Argentine singer (born 1994)

Joaquinha Lerena de la Riva (born 25 October 1994), professionally known as la Joaqui, is an Argentinian singer and songwriter. She has released two studio albums. Her 2022 EP Barbie Copiloto featured the hit song "Dos Besitos". In 2023, she released the track "Muñecas" with Tini and Steve Aoki, which boosted her to international popularity.

==Early life==
Joaquinha Lerena de la Riva was born on 24 October 1994 in Mar del Plata, Buenos Aires. She spent most of her childhood in Tamarindo, Costa Rica, later returning to her hometown in Argentina as a teenager. She became interested in rap music aged 18, participating twice in the Red Bull Batalla de Gallos freestyle battle (in 2014 and 2015). She became the first woman to classify at the event and reach the semi-finals.

== Career ==
La Joaqui gradually transitioned from freestyle battles to focus on a career in music and acting. In 2017, she released the single "Perdón Mamá Por Mi Vida Loca." Her acting debut came in 2019 with a role in the television series El Marginal 2, portraying the girlfriend of the character Diosito Borges. That same year, she released her debut studio album Harakiri, featuring songs such as "Cuántas Veces" and "Rocho."

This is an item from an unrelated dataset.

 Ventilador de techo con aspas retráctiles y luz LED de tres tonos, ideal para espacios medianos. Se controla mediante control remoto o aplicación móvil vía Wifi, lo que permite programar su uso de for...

Prior to the COVID-19 pandemic, La Joaqui was among the first Argentine artists to stage a virtual concert via social media, performing her hits, including "Ay Papi," "Más Mala Yo," and "Violenta" in a livestream titled The White Room. In early 2020, she opened for Karol G in Argentina.

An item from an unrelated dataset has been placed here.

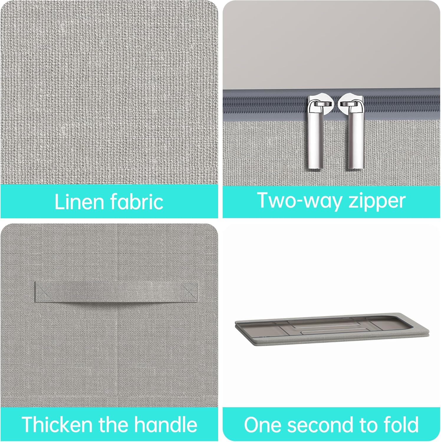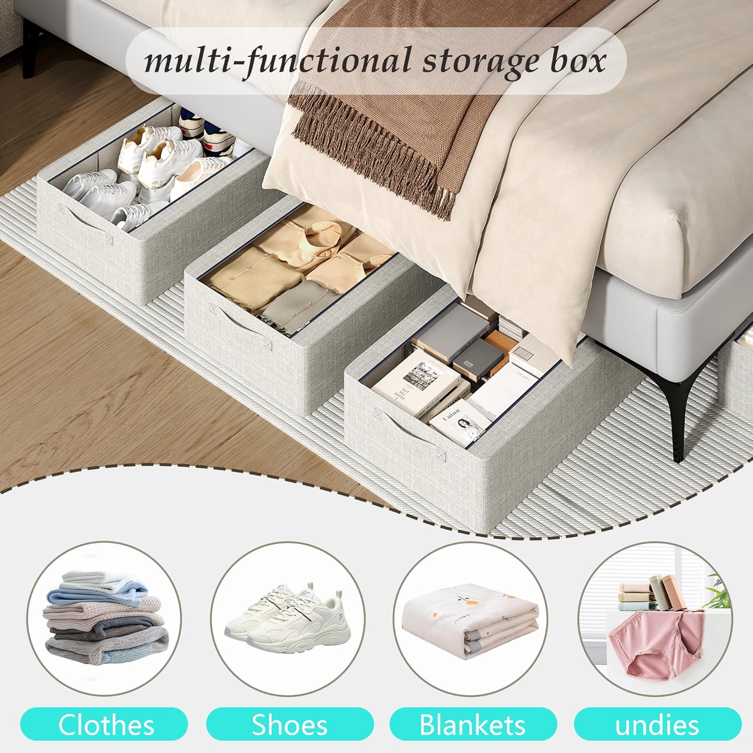 3PCS Under Bed Storage Bins with Metal Frame, Linen Fabric Frame Storage Box Clothes Organizer Bins, Underbed Container with Clear Window (Light Grey, 23.6 x 13 x 6IN)

In 2024, she collaborated with Kenia OS on the singles "Kitty" and "San Turrona RMX." In 2025, she collaborated Sevdaliza on the single "Heroína." Her song "Terapia de Choque," a collaboration with Doble P and Gusty DJ, was noted by Pitchfork for its dynamic production and expressive vocals.

==Personal life==
La Joaqui has two children. From 2024 to July 2026, she was in a relationship with fellow singer Luck Ra.
==Discography==
Studio albums
- Harakiri (2019)
- Mal Aprendida (2023)
- Tu Patrona De Lujo (2024)

Live albums
- The White Room (Live Session) (2020)

Extended plays
- Barbie Copiloto (2022)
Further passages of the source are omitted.